この、違う世界に入り込んでしばし夢見心地で過ごすと言うのが読書の醍醐味なのに、それも時間的にできないとなると、だんだんストレスが溜まっていくよな〜〜
その中でもやっと読めた本。
前回『明治乙女物語』の登場人物にもなっていた会津の英雄・山川浩(大蔵)さんと弟の山川健次郎さんを深ーく掘り下げた本ですよ!
ドラマ『白虎隊』ではこんなシーンあり。
これは戊辰戦争時、持ち場の戦地から引き揚げてきて鶴ヶ城に入城する際、彼岸獅子のお囃子を連れて敵を欺いたエピソード。
このニヤリ顔・・・いい感じですな。
智謀の人でした。
相変わらず会津愛に溢れかえった中村彰彦さんの著書です。
この本は小説ではなくて(わたしは小説の方がどっぷり浸かれて好きなんだけど)各種史料に基づく歴史の考察として書かれていました。
めちゃめちゃ詳しいです。ヒーもうお腹いっぱい。。
弟の山川健次郎さんは、アメリカに留学して理学博士となり、東大・九大・京大の総長を務めた秀才。
戊辰戦争では、白虎隊だったんですね。
飯盛山で悲劇の自刃を遂げた白虎隊は白虎士中二番隊なので、健次郎さんの所属はそうじゃない方の白虎隊。

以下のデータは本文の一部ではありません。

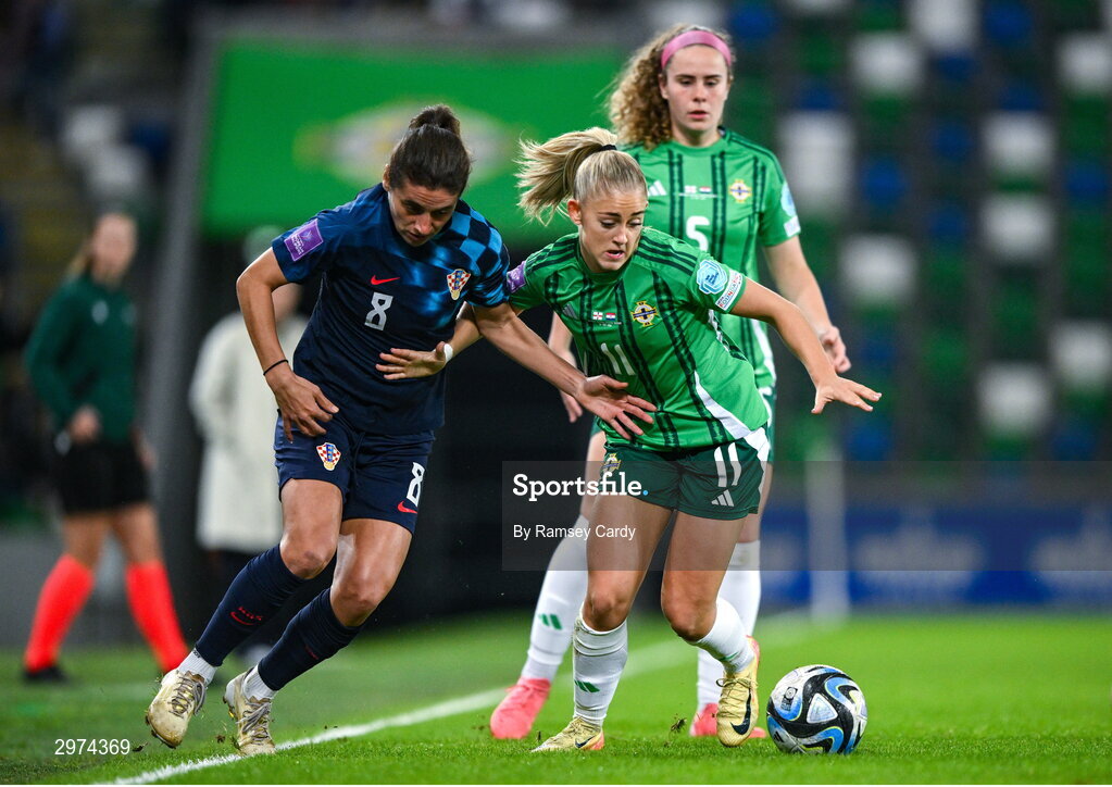 29 October 2024; Danielle Maxwell of Northern Ireland in action against Maja Jošcak of Croatia during the UEFA Women's EURO 2025 Play-Off Round 1 Second Leg match between Northern Ireland and Croatia at the National Football Stadium in Windsor Park, Belfast. Photo by Ramsey Cardy/Sportsfile

しかも年少だったので、ほんのちょっとだけ参戦したくらいだったらしい。
お二人の生い立ちから浮き沈みの激しい人生を経て、晩年になるまでの軌跡を丹念に書いてあるのですが。
総じて言うと、本当に頭の良い家系でした。
生まれつきIQが高いのかな?などと想像してましたが、育ち方にも理由があるんじゃないかなあ・・・
兄弟の母、「唐衣」さんが、
冬の夜などは兄弟や召使の男女を集めて、太閤記、信長記などの軍記物や水滸伝などの小説を毎晩二時間ずつ読んで聞かせてくれた
とありましたので、この幼少期の体験がその後の人生を豊かにしたんじゃないかと想像してます。
「召使」が入っているのがすごいですね。
今も、親が子に読み聞かせをするのが推奨されてますしね。
(すいませんわたしは自分の子供に読み聞かせなんてしなかったな・・・でも、昔から物語にドハマリしてトランス状態の親の姿を見ているせいか、娘たちもよく読んでますね)
でも、健次郎さんの秀才ぶりは常軌を逸しています。
東大総長とはそういうものか。
なんと彼、17歳になるまで九九ができなかったらしい。
というのは、家老の家系の男子たるもの、算盤やら何やらの計算なんてやらなったのですね。数学は町人がやるもので、武士がやるものではありませんでした。
それ以外の科目は、藩校日新館では超優等生だったのですが。
健次郎さんはアメリカ留学して、エール大学附属理学校を受験することにします。
受験科目は、算術・代数・幾何・三角関数・英語・地理・アメリカ史・ラテン語。
渡米後1年半でこれらを勉強して合格するんだから、怪物ではなかろうか。
(しかもラテン語はその存在すら初めて知ったらしい。そこから勉強して受かるものなの?)
妹の山川捨松さんもアメリカ留学していますし、実はもう一人の妹の山川操さんもロシアに留学してフランス語を身につけ(なぜロシアでフランス語なんだと思いましたが……)帰国後に宮内庁に入り昭憲皇太后にお仕えしました。
古武士みたいな会津藩にいながら、教育に関しては全く垣根なく、広い視野で考えていらしたみたいです。
このギャップがとても不思議。
戊辰戦争では薩長土肥に賊軍扱いされましたが、個人レベルでは、敵味方関係なく友情が結ばれていったのも心温まる話です。
例えば長州の前原一誠や、土佐の谷干城とか。
どちらも戊辰戦争敗戦後に山川家と深い絆が出来た人です。
こういうエピソードを知ると、戦争ってもしかして憎しみから起こるのではなくて、共同体とか民族とか国家とかの損得勘定に民衆が踊らされて起きるんかなあ・・・などと考えていました。
〜おまけ〜
藤子不二雄A先生の訃報が・・・
A先生の結構エグい漫画が好きでした。